## WHAT NEEDS TO BE DONE
Please restate each entry word for word and leave the pictures out.

=-=-=

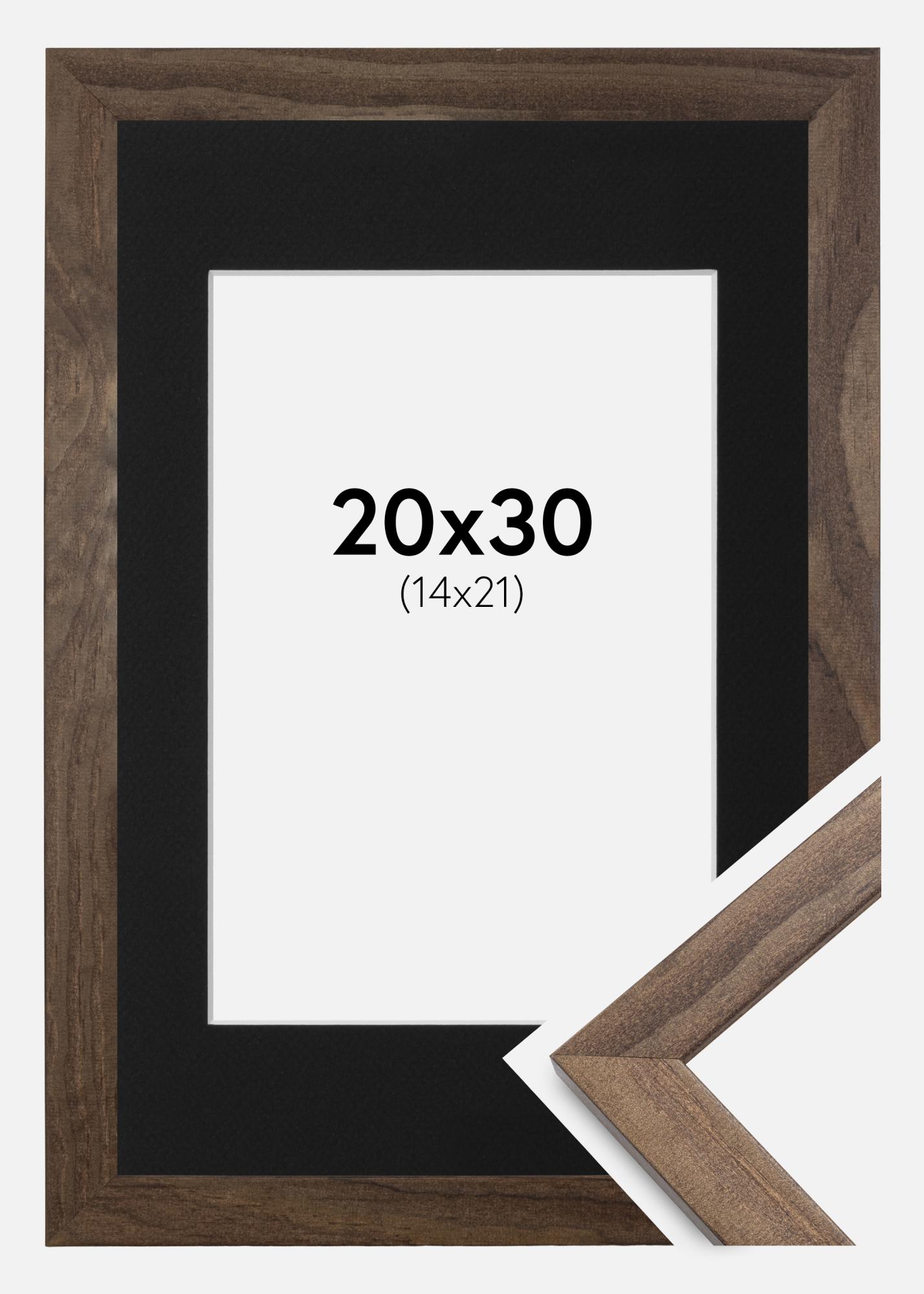 Moldura Stilren Nogueira 20x30 cm - Passe-partout Preto 15x22 cm
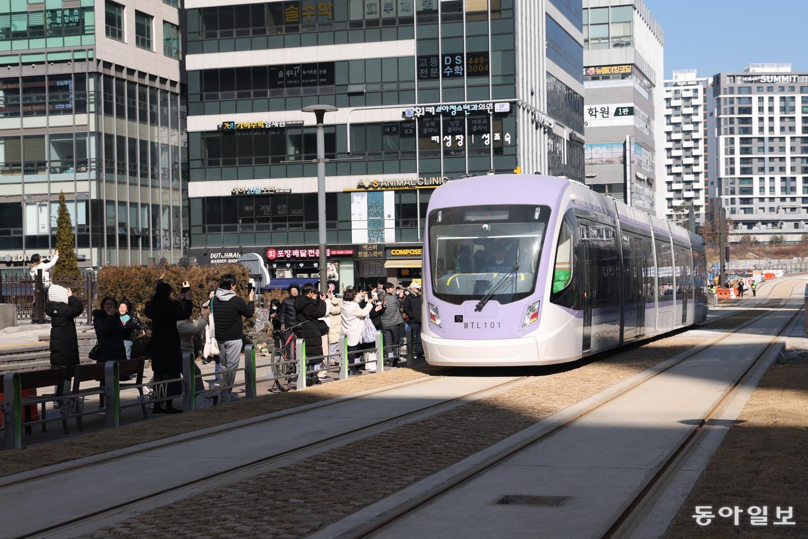 19일 서울 송파구 위례신도시에서 위례선 트램 차량 시운전이 시작됐다. 주민들이 사진을 찍고있다. 김재명 기자 base@donga.com이날 시운전은 마천역을 시작으로 북위례역, 위례솔역, 덕수고등학교역, 위례호수공원역, 위례별역까지 진행됐다.
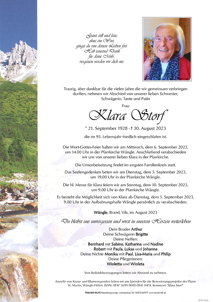 Lieber Namenskollege Arthur! Ich möchte Dir mein aufrichtiges Beileid für den Heimgang Deiner Schwester Klara ausdrücken! Geb Ihr Gott die ewige Ruhe und ewigen Frieden! In Verbundenheit - Artur mit Familie
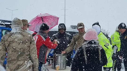 Elazığ'da etkili olan kar yağışı halen devam ederken, jandarma ve emniyet ekipleri yolda kalan araçlara zincir takarak vatandaşlara çorba ikramında bulundu.
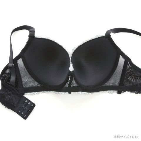 カップ脇は伸びない素材の裏打ちとボーンで、着装時の安定感を高めています。バックはやわらかなチュールパワーネットにストレッチレースを重ねたW使いで、しっかりと安定感のあるつけ心地です。
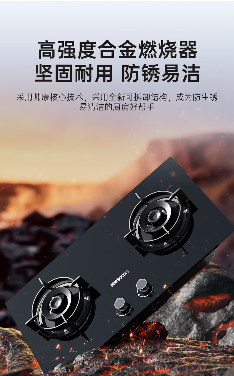 帅康(Sacon)燃气灶煤气灶铜火盖双灶天然气台嵌两用5.2kW双边定时灶免改孔烟灶联动9B828/9G826/9B868Max 5.2kW不锈钢面板灶9G826 天然气
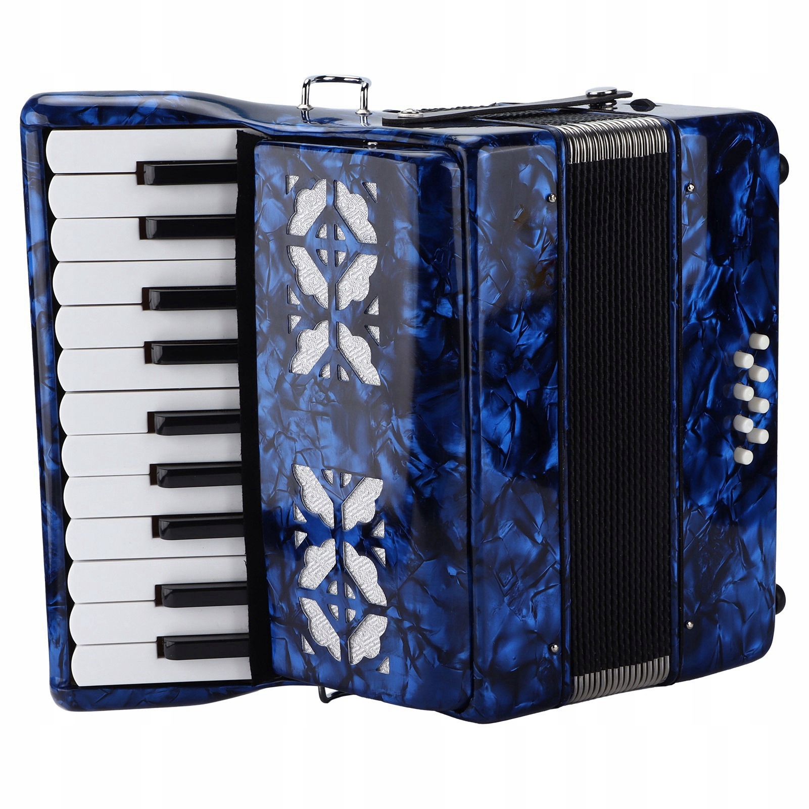 1. 22-клавішний акордеон з 8-клавішною басовою клавіатурою з чистою якістю звуку, клавіші з текстурою чорного піаніно

=-=-=

## SOLUTION TO THE EXERCISE
 Moldura Stilren Nogueira 20x30 cm - Passe-partout Preto 15x22 cm
 19일 서울 송파구 위례신도시에서 위례선 트램 차량 시운전이 시작됐다. 주민들이 사진을 찍고있다. 김재명 기자 base@donga.com이날 시운전은 마천역을 시작으로 북위례역, 위례솔역, 덕수고등학교역, 위례호수공원역, 위례별역까지 진행됐다.
 Lieber Namenskollege Arthur! Ich möchte Dir mein aufrichtiges Beileid für den Heimgang Deiner Schwester Klara ausdrücken! Geb Ihr Gott die ewige Ruhe und ewigen Frieden! In Verbundenheit - Artur mit Familie
 Elazığ'da etkili olan kar yağışı halen devam ederken, jandarma ve emniyet ekipleri yolda kalan araçlara zincir takarak vatandaşlara çorba ikramında bulundu.
 カップ脇は伸びない素材の裏打ちとボーンで、着装時の安定感を高めています。バックはやわらかなチュールパワーネットにストレッチレースを重ねたW使いで、しっかりと安定感のあるつけ心地です。
 帅康(Sacon)燃气灶煤气灶铜火盖双灶天然气台嵌两用5.2kW双边定时灶免改孔烟灶联动9B828/9G826/9B868Max 5.2kW不锈钢面板灶9G826 天然气
 1. 22-клавішний акордеон з 8-клавішною басовою клавіатурою з чистою якістю звуку, клавіші з текстурою чорного піаніно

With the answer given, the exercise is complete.